Named Entity Disambiguation (NED) is the task of predicting whether a particular entity is mentioned in a sentence.
For example, given the sentence "Dronning Margrethe er kendt for sin store arkæologiske interesse." , is the entity "Margrethe II of Denmark" (corresponding to the Wikidata QID Q102139
) mentioned in the sentence?
NED is the binary version of Named Entity Linking (NEL) which consists in attaching a QID to an entity. Given a sentence and a list of QIDs (potentialy mentioned in the text), NED can be used to find the most probable mentioned entity.
NED is usually used in combination with NER.
Model | Train Data | Maintainer | Tags | DaNLP |
XLMR | DaNED | Alexandra Institute | 0 / 1 | ✔ |
One entity name can refer to two different persons/locations/organizations depending on the context. Then, in combination with NER, NED can be used for finding entities and their correct reference, and linking them to a description page. The result can be used for differentiating between well-known persons and anonymous individuals in order to, for example, semi-anonymize a text.
The XLM-R NED model is based on the pre-trained XLM-Roberta, a transformer-based multilingual masked language model (Conneau et al. 2020), and finetuned on the combination of the DaWikiNED dataset and the training part of the DaNED dataset. The model has been developed as part of a Master student project (ITU) by Hiêu Trong Lâm and Martin Wu under the supervision of Maria Jung Barrett (ITU) and Ophélie Lacroix (DaNLP).
The XLM-R NED model can be loaded with the load_xlmr_ned_model()
(You can also find the model on our HuggingFace page.)
Please note that the model take maximum 512 tokens as input at a time. Longer text sequences will be truncated.
from danlp.models import load_xlmr_ned_model
xlmr = load_xlmr_ned_model()
sentence = "Karen Blixen vendte tilbage til Danmark, hvor hun boede resten af sit liv på Rungstedlund, som hun arvede efter sin mor i 1939"
# to check if the entity "Karen Blixen" correspond to the QID Q182804
# you have to first generate the knowledge graph (KG) context of this QID
# use the get_kg_context_from_wikidata_qid function from danlp.utils to get the KG
# or the DaNED or DaWikiNED dataset to get the corresponding KG string (see doc below)
# (the following example has been truncated -- use the full KG)
kg_context = "udmærkelser modtaget Kritikerprisen udmærkelser modtaget Tagea Brandts Rejselegat udmærkelser modtaget Ingenio ..."
label = xlmr.predict(sentence, kg_context)

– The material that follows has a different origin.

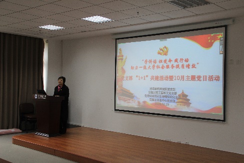 为落实深入一线规则,建立技术研究开发院服务院系、服务师生的长效机制,10月29日下午,技术研究开发院党支部联合生物过程工程教工党支部、生物材料研究生导师纵向党支部,开展“学讲话 担使命 践行动 助力一流大学社会服务提质增效”的主题党日暨“1+1”支部共建活动。活动由技术研究开发院党支部书记张博同志主持。

For more details about how to generate a KG context adapted to the model, see the DaNED and DaWikiNED documentation.
The benchmarks has been performed on the test part of the DaNED dataset. None of the models have been trained on this test part. See F1 scores below (QID is mentioned == label 1 -- QID is not mentioned == label 0) :
Model | QID is mentioned | QID is not mentioned | AVG | Sentences per second (CPU*) |
XLMR | 83.77 | 91.02 | 87.40 | ~1 |
*Sentences per second is based on a Macbook Pro with Apple M1 chip.
The evaluation script
can be found here.
- Maria Jung Barrett, Hiêu Trong Lâm, Martin Wu, Ophélie Lacroix, Barbara Plank and Anders Søgaard. Resources and Evaluations for Danish Entity Resolution. In CRAC 2021.